The service had a culture of high-quality sustainable care.

  • Staff felt respected, supported and valued. They were proud to work for the service.
  • The service focused on the needs of patients.
  • Leaders and managers acted on behaviour and performance inconsistent with the vision and values.
  • The provider was aware of and had systems to ensure compliance with the requirements of the duty of candour.
  • Staff told us they could raise concerns and were encouraged to do so. They had confidence that these would be addressed.
  • There were processes for providing all staff with the development they need. This included appraisal and career development conversations. All staff received regular annual appraisals in the last year. Clinical staff, including radiographers, were considered valued members of the team.
  • There was a strong emphasis on the safety and well-being of all staff.
  • The service actively promoted equality and diversity. It identified and addressed the causes of any workforce inequality. Staff had received equality and diversity training. Staff felt they were treated equally.
  • There were positive relationships between staff and teams.

Governance arrangements

There were clear responsibilities, roles and systems of accountability to support good governance and management.

  • Structures, processes and systems to support good governance and management were clearly set out, understood and effective.

  • Staff were clear on their roles and accountabilities.

  • Staff had established proper policies, procedures and activities to ensure safety and assured themselves that they were operating as intended.

Managing risks, issues and performance

There were clear and effective processes for managing risks, issues and performance.

  • There was an effective, process to identify, understand, monitor and address current and future risks including risks to patient safety.

  • The service had processes to manage current and future performance. Leaders had oversight of safety alerts, incidents, and complaints.

  • C

    linical audit was underway. 

  • The service had a business continuity plan in place for major incidents such as power failure or building damage

Appropriate and accurate information

The service acted on and accurate information.

  • Quality and sustainability were discussed in relevant meetings where all staff had sufficient access to information.

  • The information used to monitor performance and the delivery of quality care was accurate and useful. There were plans to address any identified weaknesses.
  • The service submitted data or notifications to external organisations as required.
  • There were robust arrangements in line with data security standards for the availability, integrity and confidentiality of patient identifiable data, records and data management systems.

Engagement with patients, the public, staff and external partners

The service involved patients, the public, staff and external partners to support high-quality sustainable services.

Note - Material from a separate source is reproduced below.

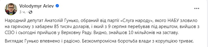 Народный депутат Анатолий Гунько, избранный от "Слуги народа" и 9 августа взятый по стражу по подозрению в получении взятки в 85 тысяч долларов, уже вышел на свободу и сегодня пришел в Верховную Раду.

  • The service encouraged and heard views and concerns from the public, patients, staff and external partners and acted on them to shape services and culture.

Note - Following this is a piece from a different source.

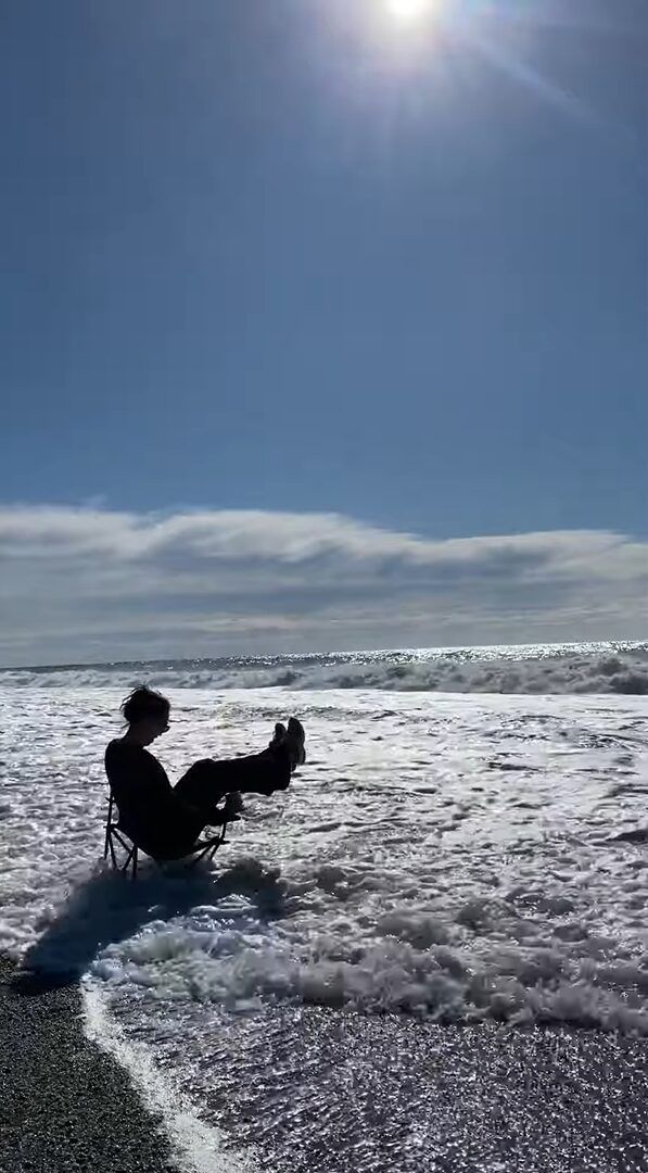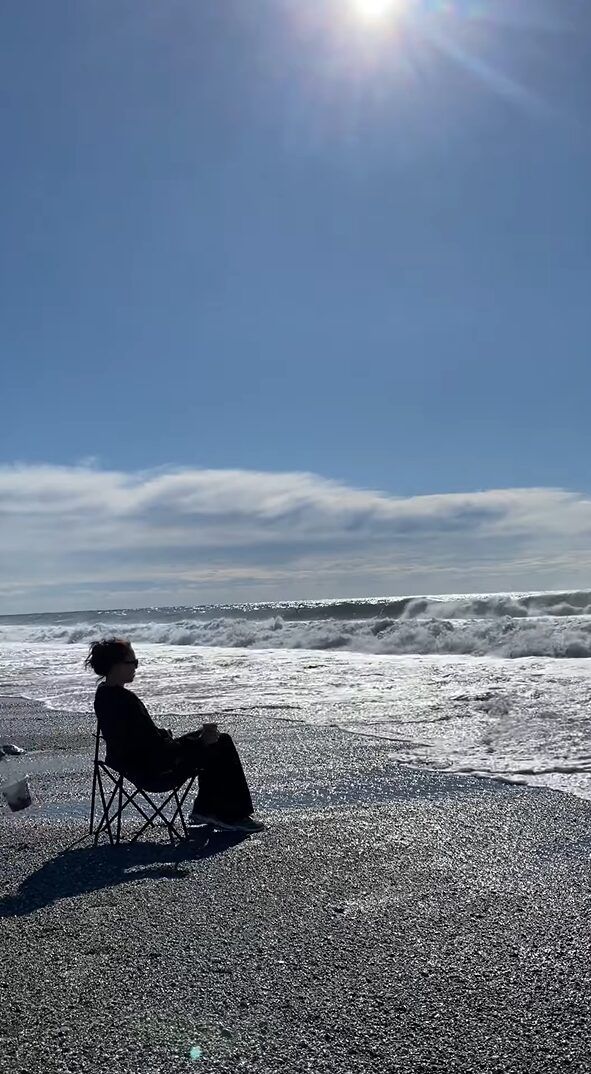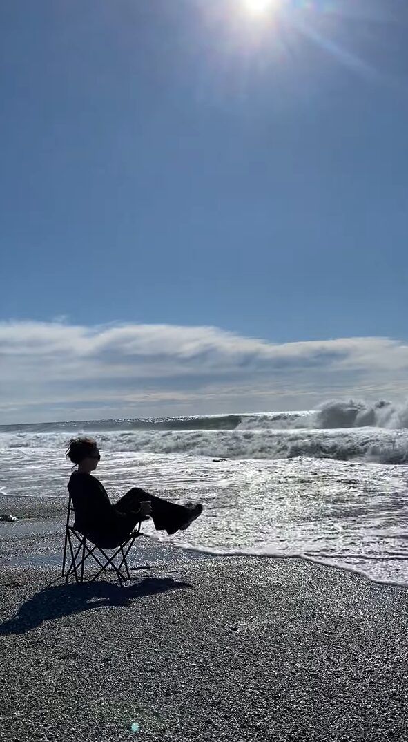 よく晴れたその日、女性は波打ち際に置いたキャンプチェアに腰かけてくつろごうとしていました。 海を独占するような楽しみ方です。

  • Staff could describe to us the systems in place to give feedback. Patients were encouraged to feedback and clear processes were in place for them to do so.

Continuous improvement and innovation

There was evidence of systems and processes for learning, continuous improvement and innovation.

  • There was a focus on continuous learning and improvement.

  • Leaders and managers encouraged staff to take time out to review individual and team objectives, processes and performance.

  • There were systems to support improvement. Staff linked in to professional forums to improve the service.